New York Times, January 28, 2024

By Jacob N. Shapiro and Chris Mattmann

Mr. Shapiro is the managing director of the Empirical Studies of Conflict Project. Mr. Mattmann is the director of the Information Retrieval and Data Science Group at the University of Southern California.

We don’t have to imagine a world where deepfakes can so believably imitate the voices of politicians that they can be used to gin up scandals that could sway elections. It’s already here. Fortunately, there are numerous reasons for optimism about society’s ability to identify fake media and maintain a shared understanding of current events.

While we have reason to believe the future may be safe, we worry that the past is not.

History can be a powerful tool for manipulation and malfeasance. The same generative A.I. that can fake current events can also fake past ones. While new content may be secured through built-in systems, there is a world of content out there that has not been watermarked, which is done by adding imperceptible information to a digital file so that its provenance can be traced. Once watermarking at creation becomes widespread and people adapt to distrust content that is not watermarked, then everything produced before that point in time can be much more easily called into question.

And this will create a treasure trove of opportunities for backstopping false claims with generated documents, from photos placing historical figures in compromising situations, to altering individual stories in historical newspapers, to changing names on deeds of title. While all of these techniques have been used before, countering them is much harder when the cost of creating near-perfect fakes has been radically reduced.

This forecast is based on history. There are many examples of how economic and political powers manipulated the historical record to their own ends. Stalin purged disloyal comrades from history by executing them and then altering photographic records to make it appear as if they never existed. Slovenia, on becoming an independent country in 1992, erased over 18,000 people from the registry of residents — mainly members of the Roma minority and other ethnic non-Slovenes. In many cases, the government destroyed their physical records, leading to their loss of homes, pensions and access to other services, according to a 2003 report by the Council of Europe Commissioner for Human Rights.

False documents are a key part of many efforts to rewrite the historical record. The infamous Protocols of the Elders of Zion, first published in a Russian newspaper in 1903, purported to be meeting minutes from a Jewish conspiracy to control the world.

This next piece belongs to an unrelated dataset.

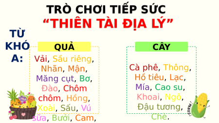- GV đưa ra từ khóa là các loại quả và loài cây của

First discredited in August 1921 as a forgery plagiarized from multiple unrelated sources, the Protocols featured prominently in Nazi propaganda and have long been used to justify antisemitic violence, including a citation in Article 32 of Hamas’s 1988 founding covenant.

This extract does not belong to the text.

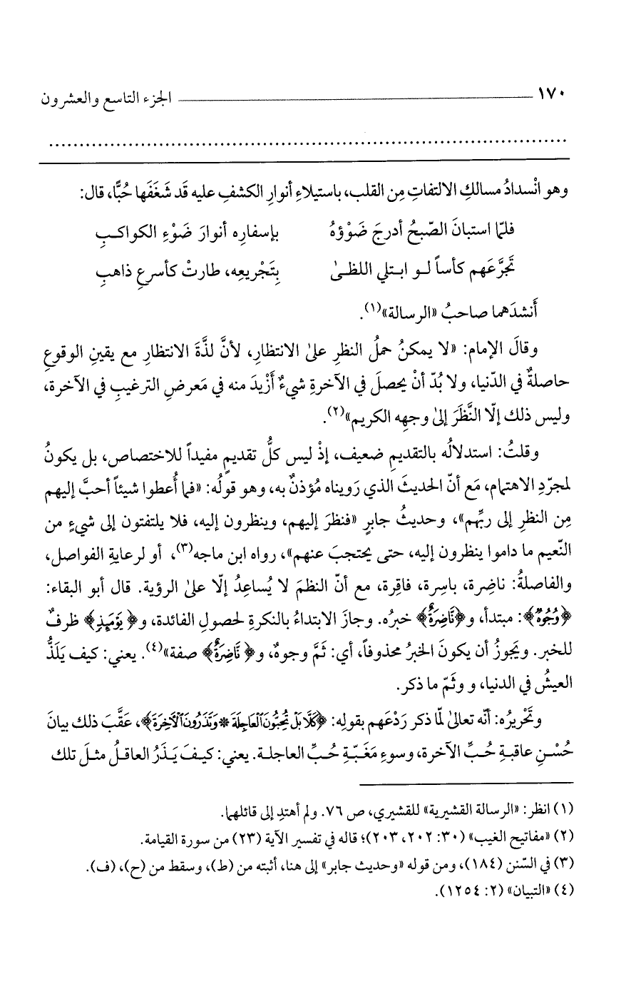 وقال الإمام: "لا يمكن حمل النظر على الانتظار، لأن لذة الانتظار مع يقين الوقوع حاصلة في الدنيا، ولا بد أن يحصل في الآخرة شيء أزيد منه في معرض الترغيب في الآخرة، وليس ذلك إلا النظر إلى وجهه الكريم".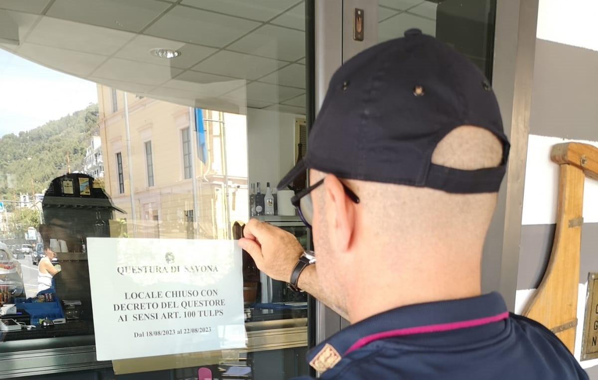 In particolare durante questo periodo estivo l’attenzione è massima sulla prevenzione ed il contrasto alla vendita e somministrazione di bevande alcoliche a minori. In questo ambito si inserisce il provvedimento con il quale viene sospesa per cinque giorni, ai sensi dell’art. 100 Tulps, la licenza di somministrazione di alimenti e bevande di un bar di Laigueglia.

In 1924 the Zinoviev Letter, said to be a secret communiqué from the head of the Communist International in Moscow to the Communist Party of Great Britain to mobilize support for normalizing relations with the Soviet Union, was published by The Daily Mail four days before a general election. The resulting scandal may have cost Labour the election. The letter’s origin has never been proved, but its authenticity was questioned at the time, and an official investigation in the 1990s concluded that it was most likely the work of White Russians — a conservative political faction led at the time by Russian émigrés opposed to the Communist government.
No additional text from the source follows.